Musical tempo and rhythm are decoded much the same way that speech is decoded, and researchers have begun noticing correlations between reading problems and a lack of rhythm and beat perception. The similarities between musical and speech coding, combined with the fact that scientists have seen an improvement in reading skills when kids practice music, point to the very real possibility that music could help kids with dyslexia.

Here are 6 of our favorite music apps that could help with dyslexia.

GarageBand could help with dyslexia

GarageBand is a music app that makes experimentation with sound and rhythm accessible and fun

GarageBand GarageBand may be the most well-known music recording program out there. Available on the Mac and iOS devices, it is certainly one of the most accessible ways for amateur composers and budding musicians to make music. Users can record real or synthesized instruments and use them to build music tracks in layers. With a vast library of sounds and effects, including virtual session drummers, GarageBand can immerse kids in rhythm and sound without the high cost of an instrument or private music lessons.

iMaschine iMaschine allows anyone to be a music writer, arranger, engineer, and producer. With its vast library of sounds and effects, iMaschine lets users create up to 32 bars of a song from scratch with its soundboard-like user interface.

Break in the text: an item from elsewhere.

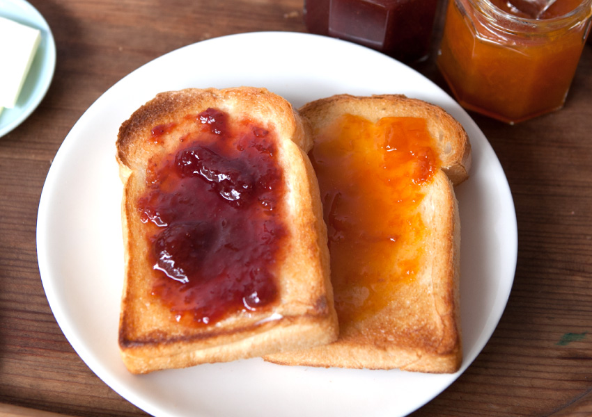 トーストをこんがり焼いてから、室温にもどしておいたバターをまんべんなくぬり、

Keezy Keezy turns a touchscreen device into a multicolor soundboard that can be used to create unique musical tracks. Users can input sounds from the microphone of their iPad or iPhone onto each of the 8 tiles of different colors. Sounds can be played by pressing a tile or looped by pressing and holding. Users can record the music they make with Keezy and play it back all within the app itself. Kids who want to use this app to make music will have to practice with it first, making it perfect for the type of trial and error with rhythm and melody that makes traditional music practice so effective.

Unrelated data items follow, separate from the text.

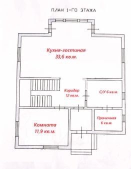 1й этаж: кухня-гостиная 33 м² с эркерными окнами в пол и действующий камин, гостевая спальня, санузел, прачечная (кладовая)
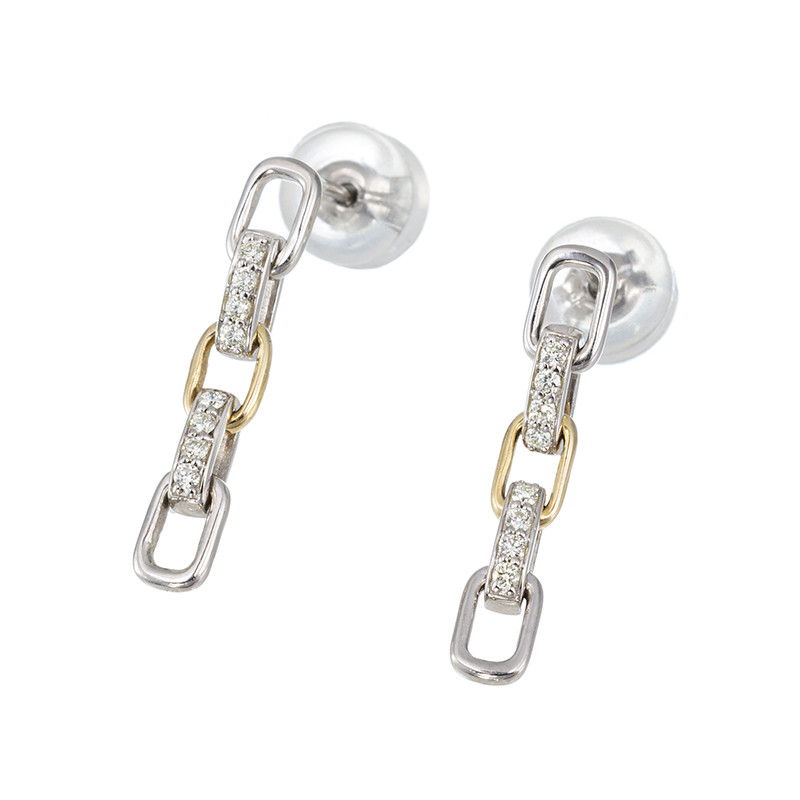 PT950/K18YG ダイヤモンド Link ピアス D 約0.08ct
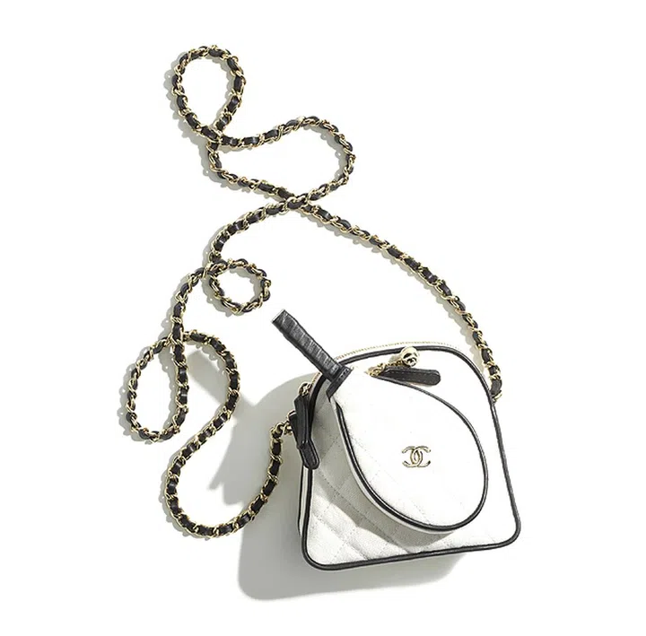 这款可爱链袋来自品牌的早春系列,外部装饰看似一款迷你网球拍,其实拉开拉链后却是一款精美手持镜。对于随时随地需要补妆或检查妆容的女人,镜子可能会是手机前置镜头不能取代的必备品。

Musyc can help visualize musical code, which could in turn help kids with dyslexia decode text

Musyc makes melody, rhythm, and percussion into a visual code.

Loop Recorder Much like Keezy, Loop Recorder allows users to assign sounds to buttons on their touchscreen which they can play back in loops, individually or together, in order to create music. The buttons in Loop Recorder are circles of differing shapes and sizes, which is better for kids who need to a bit of help with working memory. The simple and visually striking app allows kids the platform for experimentation with beats and music-making that could help with dyslexia.

Musyc This unique app lets kids see music as well as hear it, by assigning unique sound properties to lines, circles, and other shapes of varying sizes. Musyc provides users with a large grid on which to place and arrange these shapes and make a canvas into a song. Squares are percussive, triangles melodious, and lines are “black holes,” making music into a visual code as well as an auditory one. Musyc may be the kind of outside-the-box thinking practice that kids need to see music—and by extension, reading—differently.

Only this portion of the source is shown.